Wilfred Gordon was born in Harris, Saskatchewan to Elizabeth and Henry Thomas Gordon. He lived in several places before moving to Grand Prairie, Alberta in 1919. In 1929, he worked in Tulameen, British Columbia and then moved to Barkerville before coming to Stewart, British Columbia in 1934. In the middle of the great Depression, he had enough money to get to Carcross and then he and friend Bill Scott walked to Whitehorse. From there, he and fifteen others sat on a load of mail to Dawson.1)

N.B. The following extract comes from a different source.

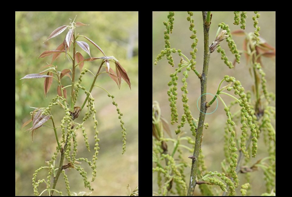 その次の段階として、図30-3-1の状態から徐々に新枝が伸長します。以下に、伸長したコナラの新枝に2本の花軸が立ったもの(図30-3-2参照)、4本の花軸が立ったもの(図30-3-3参照)、そしてたくさんの花軸が立ったもの(図30-3-4〜5参照)の例を示します。

Gordon worked in Dawson until 1937 when he was the first passenger on Grant McConachie’s Yukon Southern Air Transport’s mail service. He travelled to Stewart to see Jean Matheson, and they were married in September of that year. They spent that winter, until January 1939, in the south and then headed for the Yukon where they worked for Andy Taddie at his roadhouse in Granville. When Wilfred got a job with Yukon Consolidated Gold Corp, they moved to the intake of the Australia Ditch with their young daughter Betty. The company shut down the Australia Ditch in 1944 and the family moved to Mayo in 1945 where Wilf worked for White Pass & Yukon Route as a longshoreman. After several year, he started guiding for Louis Brown and then started his own lumber business selling timbers to the Elsa mine. After the equipment burned in a fire, the Gordons started mining on Highet Creek. They were not successful so Wilf went back to cutting wood, this time for the Yukon and federal governments. In the early 1970s he returned to Highet Creek and started mining there and on Rudolph Gulch. After Jean was elected to the Yukon legislature in 1967 she had to spend many weeks away from her home in Mayo.2)

1) , 2)
Joyce Hayden, Yukon’s Women of Power. Windwalker Press, 1999: 61-66, 68.